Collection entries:
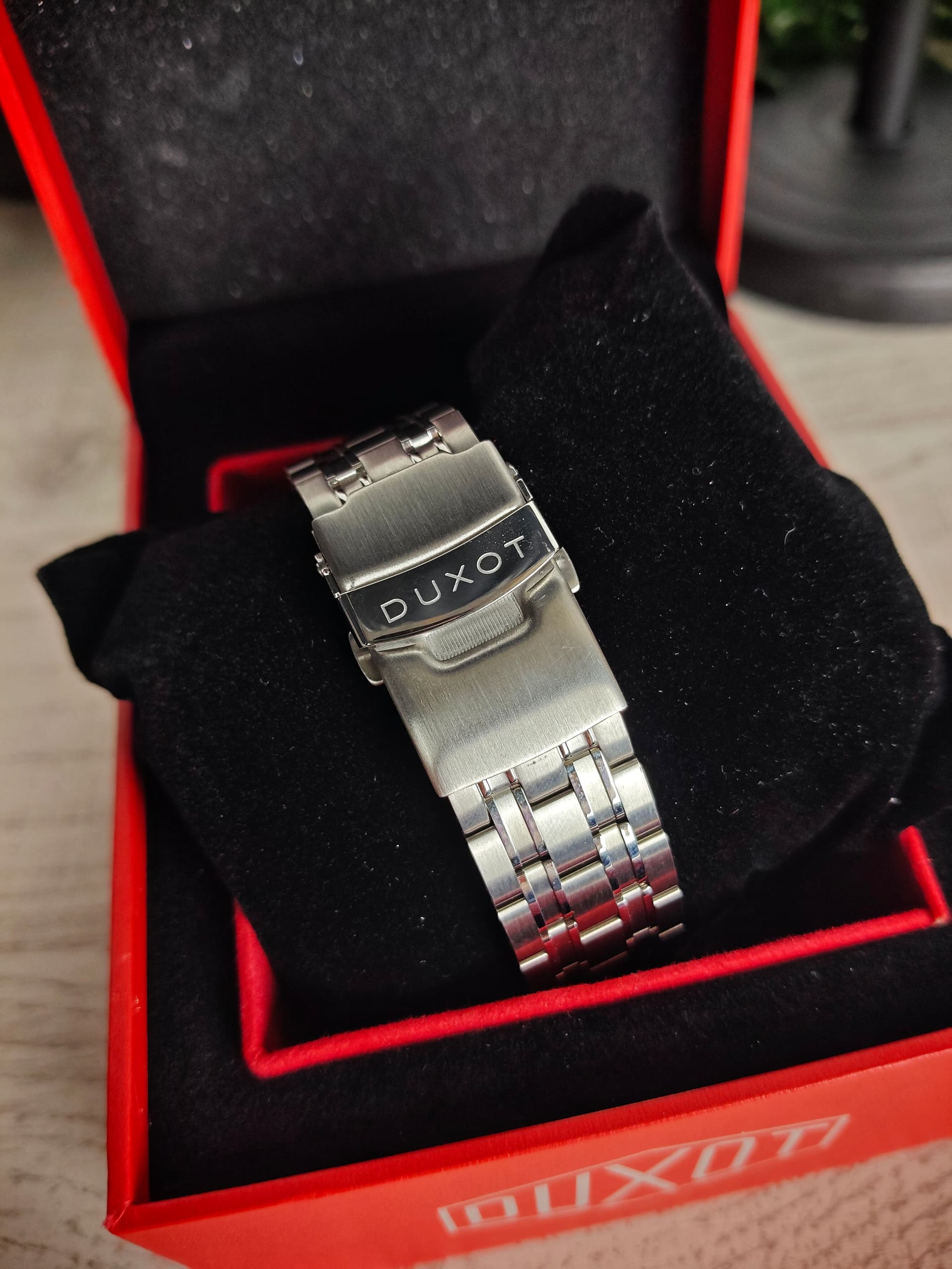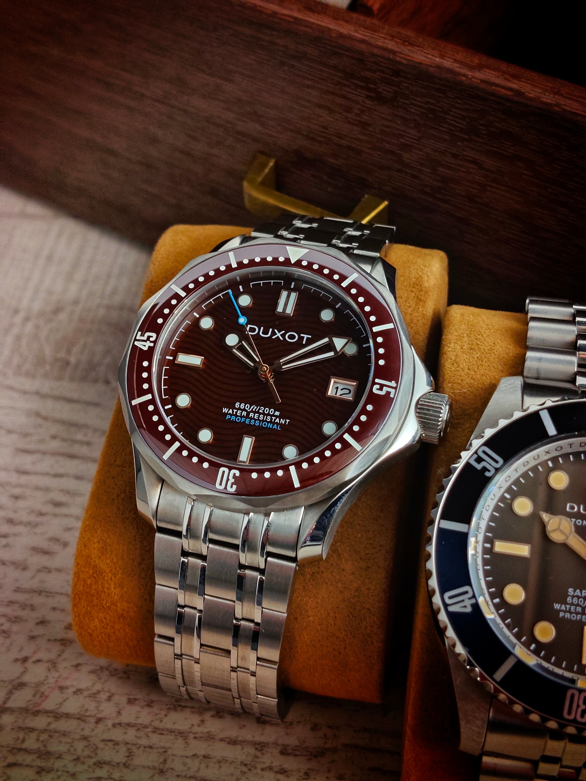 Duxot - Henri Diver Automatic in de kleur Deep Brown. Deze zeer weinig gedragen Duxot mag de collectie verlaten. De caseback sticker zit er nog op en ik kan aan het horloge heen beschadigingen of draagsporen ontdekken.
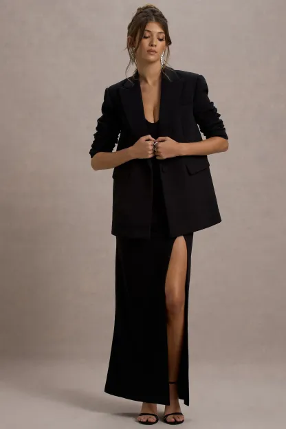 Black Plunge-Neck Boxy Oversized Blazer
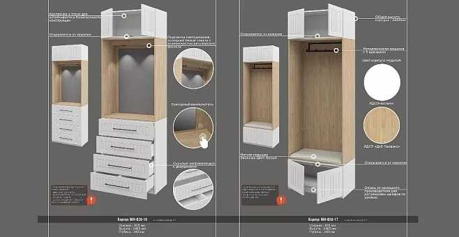 Модульная система Отис – это идеальный вариант для хранения одежды, обуви и аксессуаров. Два вместительных шкафа шириной 80 см позволят разместить все необходимое, глубина 45 см. сэкономит пространство. Вариативность внутреннего наполнения, дополнительных панелей и разнообразных фасадов поможет составить индивидуальный проект с помощью серийной мебели от фабрики Неман. Специально для серии шкафов Отис разработаны дополнительные боковые панели в цвет фасадов шкафа. При необходимости такую панель можно установить на открытый торец изделия для создания единой цветовой гаммы гардероба или прихожей. Также панели рекомендуется использовать при стыковке модулей разной глубины. Материал:Линейка шкафов ОТИС предлагает 9 вариантов исполнения фасадов. Техническая информация: Материал корпуса: плита ЛДСП, цвет Белый, Дуб Прованс. Материал фасада: плита МДФ, ЛДСП. Кромка: пластик. Система выдвижения: скрытого типа с доводчиком Hettich. Фурнитура: петли с доводчиком GTV. Вешалка металлическая: цвет черный матовый. Ножки: с возможностью регулировки по уровню Gico. Ручки на выдвижных ящиках: металлические, цвет - шлифованная сталь. Верхние и нижние фасады открываются от нажатия (Push-to-Open). Подсветка светодиодная (холодный спектр).
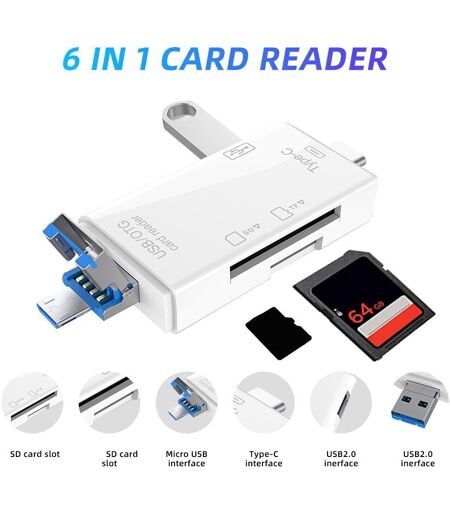 OTG-Lecteur de carte SD et TF de type C,6 en 1,USB 3.0,adaptateur de clé micro USB,5Gbps,lecteur de carte multifonctionnel haute vitesse - Type DKQ-White-6in1-ABS
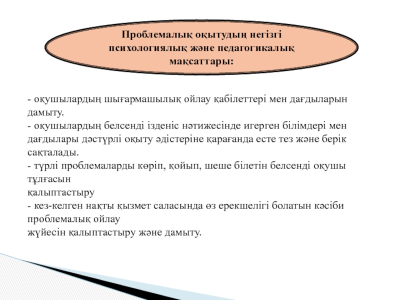 проблеманы шешу, шешімді тексеру. Бұл процесс ойлау актісінің үш фазасымен ұқсастық бойынша өрістейді (С.Л. Рубинштейн бойынша), ол проблемалық жағдайда пайда болып, проблеманы аңғаруды, оны шешуді және соңғы ой тұжырымын қамтиды.Проблемалық оқыту оқушылар үшін қиыншылық деңгейі бойынша әртүрлі болуы мүмкін, ол оның проблеманы шешу үшін қандай және қанша іс-әрекеттер жүзеге асырылатынына байланысты. В.А. Крутецкий оқушы мен мұғалімнің іс-әрекеттерін бөлу негізінде дәстүрлі оқытумен салыстыра отырып, оқытудың проблемалығы деңгейінің сызбасын ұсынды.
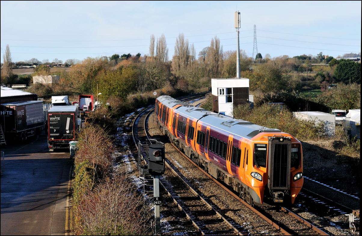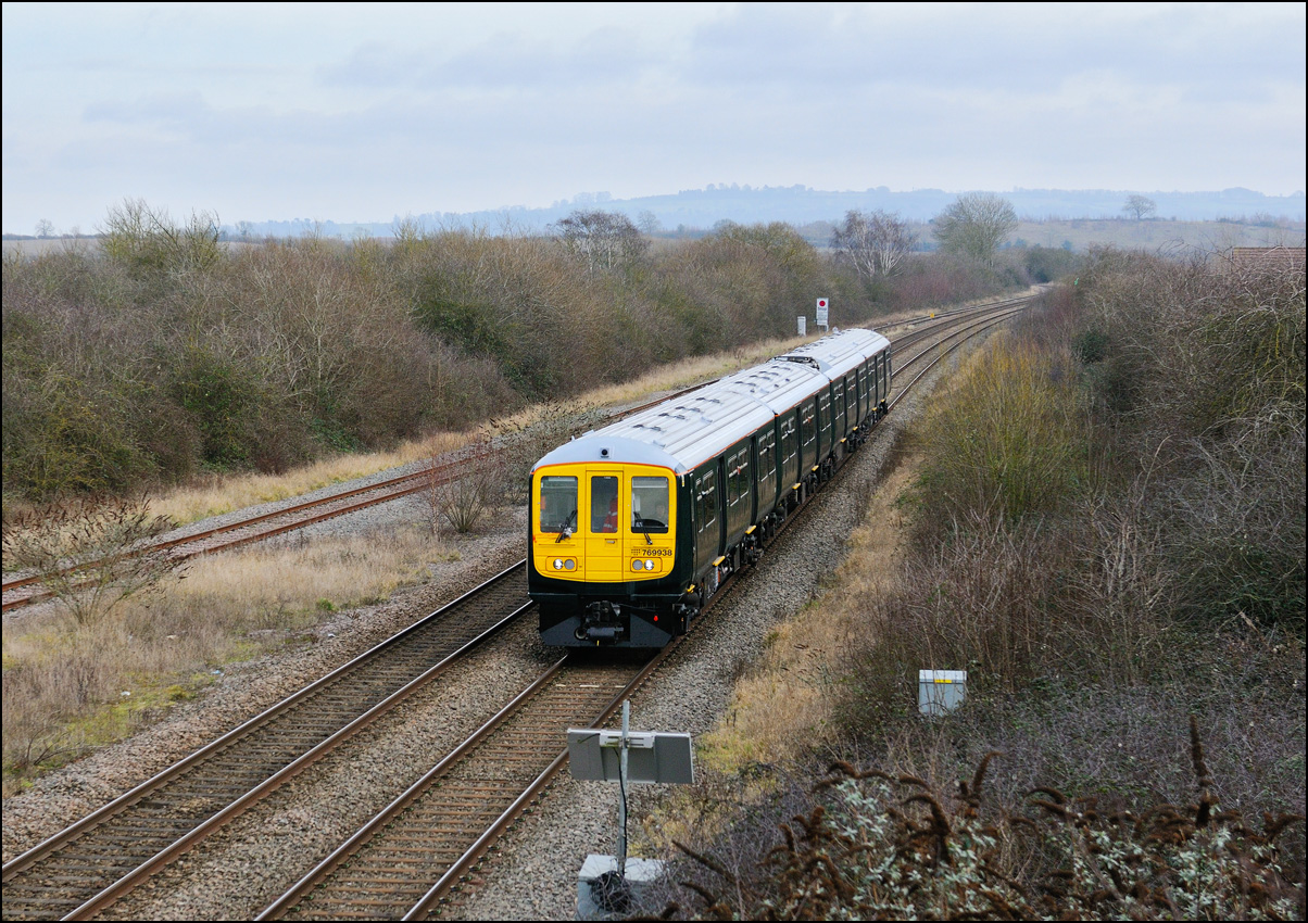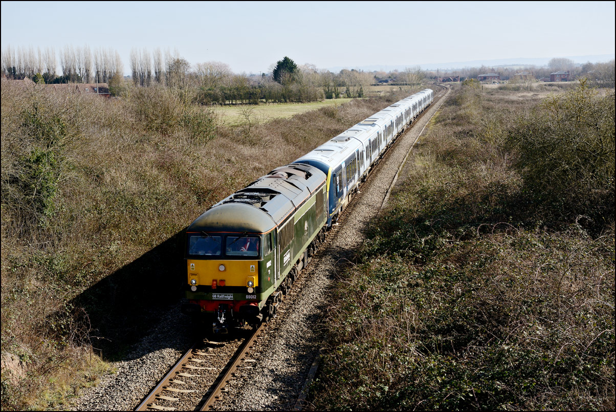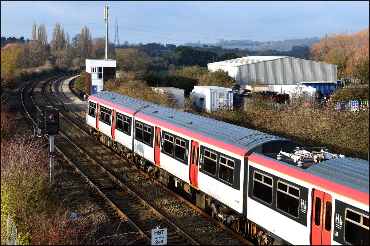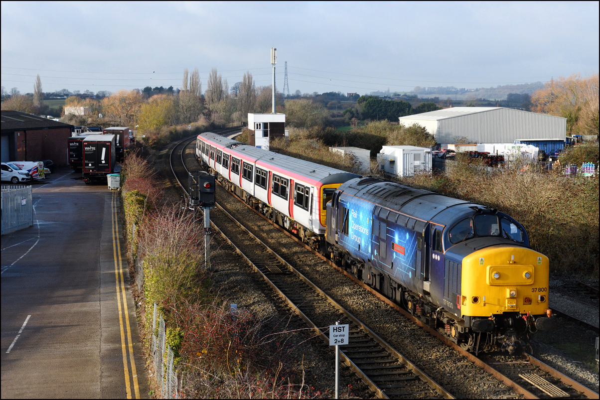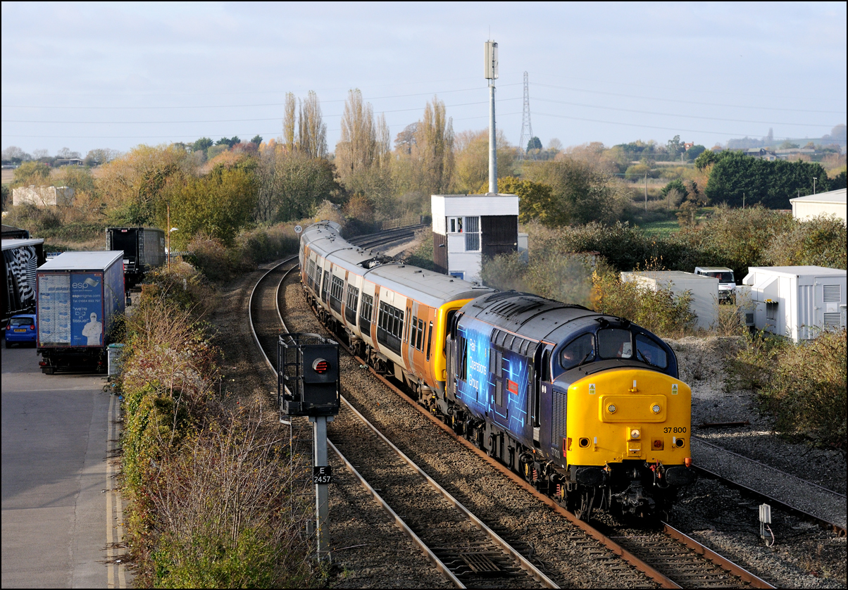 Another of the seemingly endless stock moves to Long Marston took place on Tuesday 16 December 2025 but it was slightly different to most of the recent drags in that a class 769 was involved. I'm as interested in the load being moved as the locomotive and so decided to have a trip out if it looked as if the weather might improve from the earlier cloud and rain. It did look OK to the south-west of Stratford-upon-Avon but it was too late by then to get to the spot I had planned and walked along a muddy footpath so just went to Evesham. The train, hauled by 37800 with 769421 working as 5Q94 from Allerton Depot, was about three minutes early when it passed the signalbox with the shadows not being as intrusive as it had first appeared. It just over 12 months ago when I photographed the same locomotive but with a class 321 in tow in the same spot. |

Work instruction: Print each record exactly as it stands, omitting the pictures.

Output:
 Duxot - Henri Diver Automatic in de kleur Deep Brown. Deze zeer weinig gedragen Duxot mag de collectie verlaten. De caseback sticker zit er nog op en ik kan aan het horloge heen beschadigingen of draagsporen ontdekken.
 Black Plunge-Neck Boxy Oversized Blazer
 Модульная система Отис – это идеальный вариант для хранения одежды, обуви и аксессуаров. Два вместительных шкафа шириной 80 см позволят разместить все необходимое, глубина 45 см. сэкономит пространство. Вариативность внутреннего наполнения, дополнительных панелей и разнообразных фасадов поможет составить индивидуальный проект с помощью серийной мебели от фабрики Неман. Специально для серии шкафов Отис разработаны дополнительные боковые панели в цвет фасадов шкафа. При необходимости такую панель можно установить на открытый торец изделия для создания единой цветовой гаммы гардероба или прихожей. Также панели рекомендуется использовать при стыковке модулей разной глубины. Материал:Линейка шкафов ОТИС предлагает 9 вариантов исполнения фасадов. Техническая информация: Материал корпуса: плита ЛДСП, цвет Белый, Дуб Прованс. Материал фасада: плита МДФ, ЛДСП. Кромка: пластик. Система выдвижения: скрытого типа с доводчиком Hettich. Фурнитура: петли с доводчиком GTV. Вешалка металлическая: цвет черный матовый. Ножки: с возможностью регулировки по уровню Gico. Ручки на выдвижных ящиках: металлические, цвет - шлифованная сталь. Верхние и нижние фасады открываются от нажатия (Push-to-Open). Подсветка светодиодная (холодный спектр).
 OTG-Lecteur de carte SD et TF de type C,6 en 1,USB 3.0,adaptateur de clé micro USB,5Gbps,lecteur de carte multifonctionnel haute vitesse - Type DKQ-White-6in1-ABS
 проблеманы шешу, шешімді тексеру. Бұл процесс ойлау актісінің үш фазасымен ұқсастық бойынша өрістейді (С.Л. Рубинштейн бойынша), ол проблемалық жағдайда пайда болып, проблеманы аңғаруды, оны шешуді және соңғы ой тұжырымын қамтиды.Проблемалық оқыту оқушылар үшін қиыншылық деңгейі бойынша әртүрлі болуы мүмкін, ол оның проблеманы шешу үшін қандай және қанша іс-әрекеттер жүзеге асырылатынына байланысты. В.А. Крутецкий оқушы мен мұғалімнің іс-әрекеттерін бөлу негізінде дәстүрлі оқытумен салыстыра отырып, оқытудың проблемалығы деңгейінің сызбасын ұсынды.
 Another of the seemingly endless stock moves to Long Marston took place on Tuesday 16 December 2025 but it was slightly different to most of the recent drags in that a class 769 was involved. I'm as interested in the load being moved as the locomotive and so decided to have a trip out if it looked as if the weather might improve from the earlier cloud and rain. It did look OK to the south-west of Stratford-upon-Avon but it was too late by then to get to the spot I had planned and walked along a muddy footpath so just went to Evesham. The train, hauled by 37800 with 769421 working as 5Q94 from Allerton Depot, was about three minutes early when it passed the signalbox with the shadows not being as intrusive as it had first appeared. It just over 12 months ago when I photographed the same locomotive but with a class 321 in tow in the same spot. |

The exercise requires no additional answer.